▶ **Try it**:
In the entries below, begin at the line with "Doc Tugas Pokok" and stop after the line with "This private and"; output those lines exactly and omit the pictures.

Records supplied Block Start

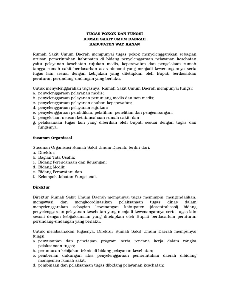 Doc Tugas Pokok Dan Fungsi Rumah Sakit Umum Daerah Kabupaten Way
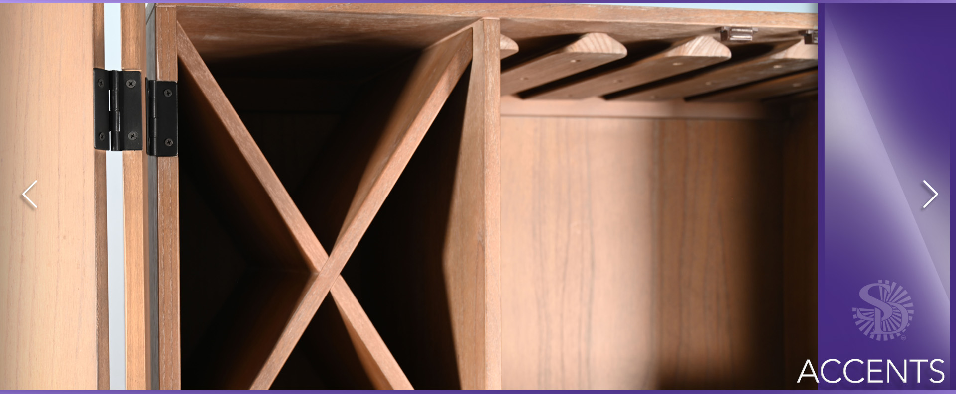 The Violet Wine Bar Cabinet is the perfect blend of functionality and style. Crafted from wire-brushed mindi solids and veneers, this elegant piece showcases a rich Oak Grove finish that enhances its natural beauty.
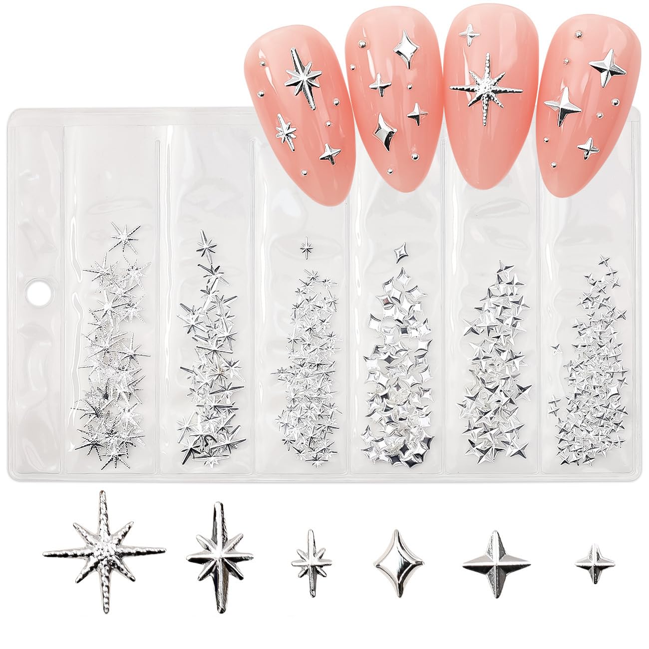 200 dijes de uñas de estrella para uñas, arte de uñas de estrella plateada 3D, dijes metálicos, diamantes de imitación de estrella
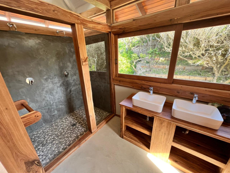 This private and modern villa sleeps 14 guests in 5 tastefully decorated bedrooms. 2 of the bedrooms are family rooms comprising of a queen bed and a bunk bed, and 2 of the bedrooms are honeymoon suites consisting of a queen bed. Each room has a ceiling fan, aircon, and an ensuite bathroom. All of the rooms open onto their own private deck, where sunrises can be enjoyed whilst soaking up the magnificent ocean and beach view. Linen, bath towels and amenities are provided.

Records supplied Block End
Records supplied Block Start

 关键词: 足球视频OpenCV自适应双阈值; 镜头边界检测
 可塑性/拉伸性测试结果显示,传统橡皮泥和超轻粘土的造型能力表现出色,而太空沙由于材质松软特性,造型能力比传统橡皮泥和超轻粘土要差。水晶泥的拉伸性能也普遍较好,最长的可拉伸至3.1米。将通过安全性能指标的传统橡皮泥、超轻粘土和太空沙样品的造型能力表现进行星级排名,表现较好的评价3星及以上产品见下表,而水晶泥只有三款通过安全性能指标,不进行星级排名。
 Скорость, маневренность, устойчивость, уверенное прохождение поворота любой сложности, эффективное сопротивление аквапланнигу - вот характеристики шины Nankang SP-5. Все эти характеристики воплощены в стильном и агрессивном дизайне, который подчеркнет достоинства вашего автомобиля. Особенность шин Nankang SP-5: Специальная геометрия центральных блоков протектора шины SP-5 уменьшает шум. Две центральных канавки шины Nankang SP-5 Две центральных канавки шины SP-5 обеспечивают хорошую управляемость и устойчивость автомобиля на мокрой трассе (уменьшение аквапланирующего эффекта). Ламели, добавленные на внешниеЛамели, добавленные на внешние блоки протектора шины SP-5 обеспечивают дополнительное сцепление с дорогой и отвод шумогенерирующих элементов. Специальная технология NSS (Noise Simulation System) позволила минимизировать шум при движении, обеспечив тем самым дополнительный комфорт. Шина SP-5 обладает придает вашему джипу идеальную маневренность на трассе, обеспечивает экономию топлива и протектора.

Records supplied Block End
Records supplied Block Start

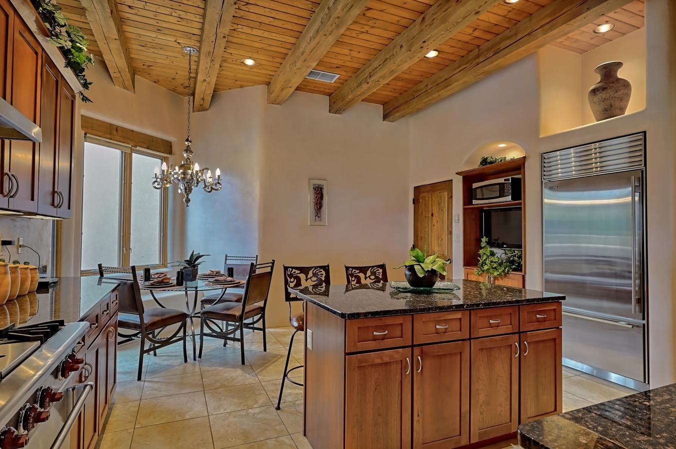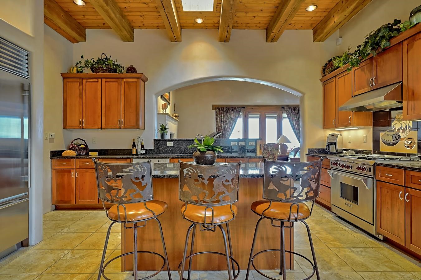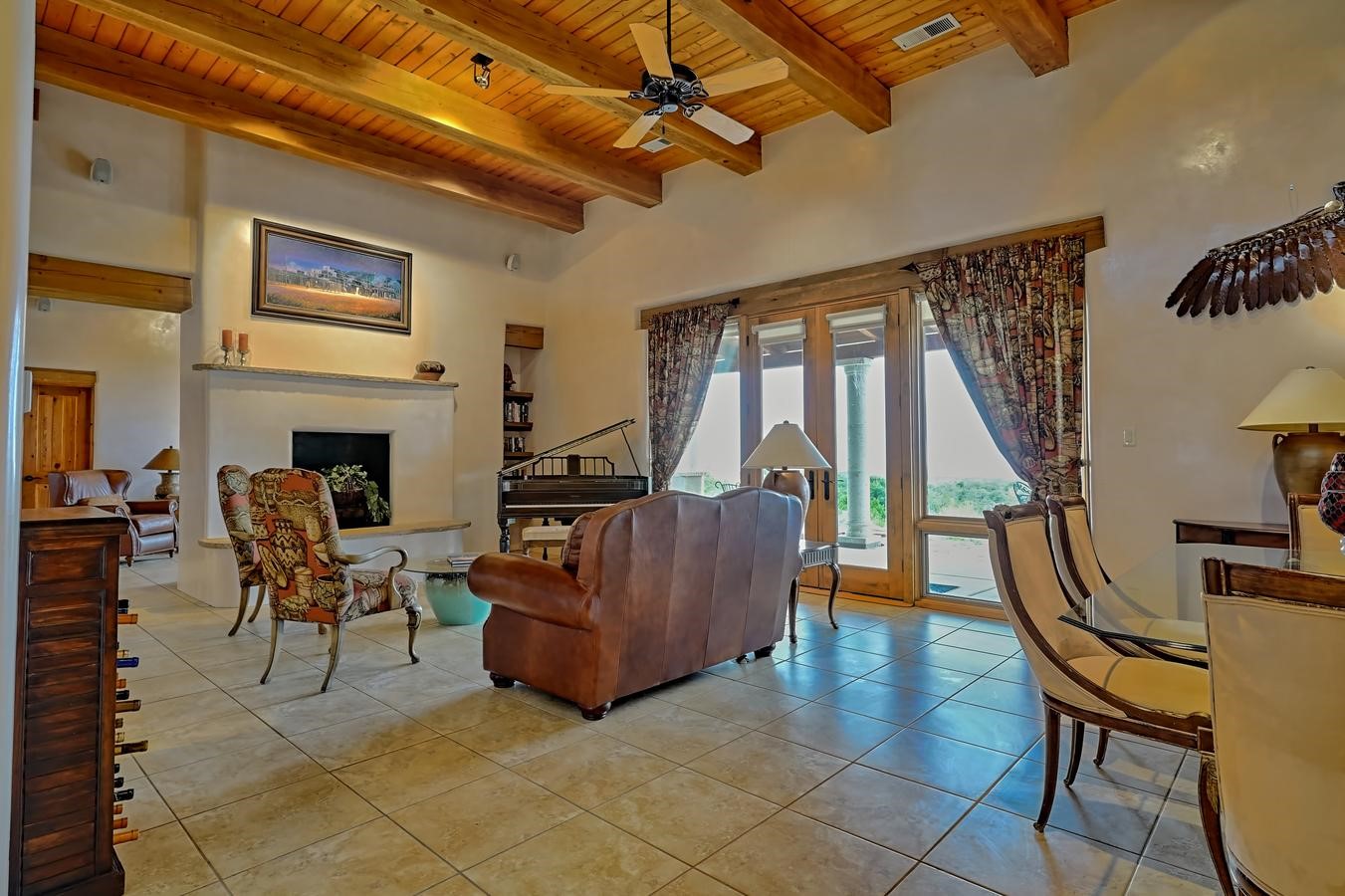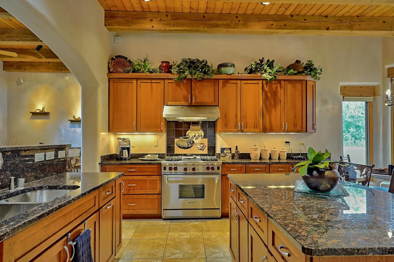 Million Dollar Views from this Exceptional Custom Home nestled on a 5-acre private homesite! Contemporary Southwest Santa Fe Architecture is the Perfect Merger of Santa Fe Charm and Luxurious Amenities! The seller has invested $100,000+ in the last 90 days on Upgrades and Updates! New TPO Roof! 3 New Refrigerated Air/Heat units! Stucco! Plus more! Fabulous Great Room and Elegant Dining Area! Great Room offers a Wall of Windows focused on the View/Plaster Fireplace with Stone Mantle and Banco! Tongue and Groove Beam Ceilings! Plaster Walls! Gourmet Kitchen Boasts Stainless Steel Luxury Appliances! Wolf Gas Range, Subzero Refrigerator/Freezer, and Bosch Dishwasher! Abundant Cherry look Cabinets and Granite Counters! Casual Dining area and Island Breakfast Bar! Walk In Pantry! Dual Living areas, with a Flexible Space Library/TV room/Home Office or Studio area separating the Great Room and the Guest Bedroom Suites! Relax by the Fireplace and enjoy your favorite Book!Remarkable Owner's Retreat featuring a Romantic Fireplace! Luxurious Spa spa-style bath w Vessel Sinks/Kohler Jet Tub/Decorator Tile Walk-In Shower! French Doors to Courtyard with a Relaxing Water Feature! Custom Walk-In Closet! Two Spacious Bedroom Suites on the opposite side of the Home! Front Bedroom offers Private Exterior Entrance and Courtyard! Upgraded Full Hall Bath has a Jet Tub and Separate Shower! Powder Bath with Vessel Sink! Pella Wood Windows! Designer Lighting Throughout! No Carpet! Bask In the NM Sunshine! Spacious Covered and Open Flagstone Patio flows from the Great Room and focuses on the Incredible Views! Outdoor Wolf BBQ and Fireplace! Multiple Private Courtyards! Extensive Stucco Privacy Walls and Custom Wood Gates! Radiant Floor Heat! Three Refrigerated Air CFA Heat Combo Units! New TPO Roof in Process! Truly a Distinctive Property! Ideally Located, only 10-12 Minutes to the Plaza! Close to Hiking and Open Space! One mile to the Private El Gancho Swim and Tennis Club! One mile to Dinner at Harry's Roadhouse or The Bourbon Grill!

Records supplied Block End

▶ **Solution to this problem**:
 Doc Tugas Pokok Dan Fungsi Rumah Sakit Umum Daerah Kabupaten Way
 The Violet Wine Bar Cabinet is the perfect blend of functionality and style. Crafted from wire-brushed mindi solids and veneers, this elegant piece showcases a rich Oak Grove finish that enhances its natural beauty.
 200 dijes de uñas de estrella para uñas, arte de uñas de estrella plateada 3D, dijes metálicos, diamantes de imitación de estrella
 This private and modern villa sleeps 14 guests in 5 tastefully decorated bedrooms. 2 of the bedrooms are family rooms comprising of a queen bed and a bunk bed, and 2 of the bedrooms are honeymoon suites consisting of a queen bed. Each room has a ceiling fan, aircon, and an ensuite bathroom. All of the rooms open onto their own private deck, where sunrises can be enjoyed whilst soaking up the magnificent ocean and beach view. Linen, bath towels and amenities are provided.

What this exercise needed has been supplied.